The UK pension fund Brunel will start “removing companies and investment managers that fail to perform on climate issues”, it announced on 27 January 2020. Brunel handles the investments of 10 local government pension schemes amounting to approximately £30 billion. The fund says that the financial sector “is not fit for purpose” in so far as tackling global warming is concerned and warned that they will expect businesses they invest in to do more.
“Climate change is a rapidly escalating investment issue. We found that the finance sector is part of the problem, when it could and should be part of the solution for addressing climate change”, Mark Mansley, Brunel’s Chief Investment Officer, said. He argued that the financial sector needs to be challenged in terms of how it “prices assets, manages risk, and benchmarks performance”. Brunel’s new policy regarding climate change and investments appears designed to do just that.

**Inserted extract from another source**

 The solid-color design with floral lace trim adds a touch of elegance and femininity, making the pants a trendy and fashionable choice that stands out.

A five-point plan to build a financial system that is fit for a carbon-zero future stems from insights "gained in the course of procuring new asset managers”, says Brunel’s Chief Responsible Investment Officer Faith Ward in a statement released today.

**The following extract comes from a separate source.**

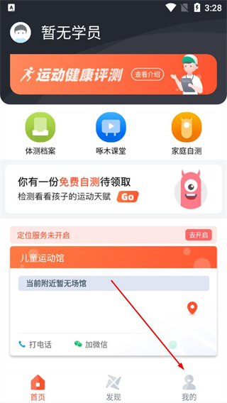 1、在啄木鸟运动app的首页,点击底部的我的选项。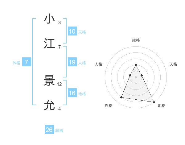 小江 景允さんの総格は26画の2点!

Between now and 2022, all of Brunel's key investments must start aligning their emissions with the benchmarks set by the Paris Agreement on climate change. Ward warns that companies and investment managers which fail to perform as expected will “face the threat of votes against the re-appointment of Board members" or even "being removed from Brunel’s portfolios” altogether - after Brunel reviews the implementation of its policies in 2022.
The key objective of this policy is to fundamentally restructure the investment climate to ensure that it is “fit for purpose for a world where temperature rise needs to be kept to well below 2°C compared to pre-industrial levels”. Brunel's website says.

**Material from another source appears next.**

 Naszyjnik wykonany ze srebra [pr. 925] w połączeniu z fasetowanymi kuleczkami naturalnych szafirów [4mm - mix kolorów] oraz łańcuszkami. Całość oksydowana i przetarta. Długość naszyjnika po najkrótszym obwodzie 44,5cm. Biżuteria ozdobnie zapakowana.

The Morningstar investment firm reports that climate change was "centre stage" for investors in 2019, resulting in a whopping 32% return for those firms with "sustainable investment mandates". The strongest funds with sustainable investment mandates include Pictet Global Environmental Opportunities, Schroder Global Cities RE, and Liontrust UK Ethical, which have produced returns for investors of 31.9%, 29.3% and 28.3% respectively. In 2019, 88 investors holding almost US$10 trillion in assets targeted 707 businesses "across 46 counties for not reporting their climate change, water security and deforestation data", according to the Carbon Disclosure Project (CPD). Just 100 corporations are responsible for 71% of all greenhouse gas emissions that drive global warming and climate change, the CPD said in a 2017 report.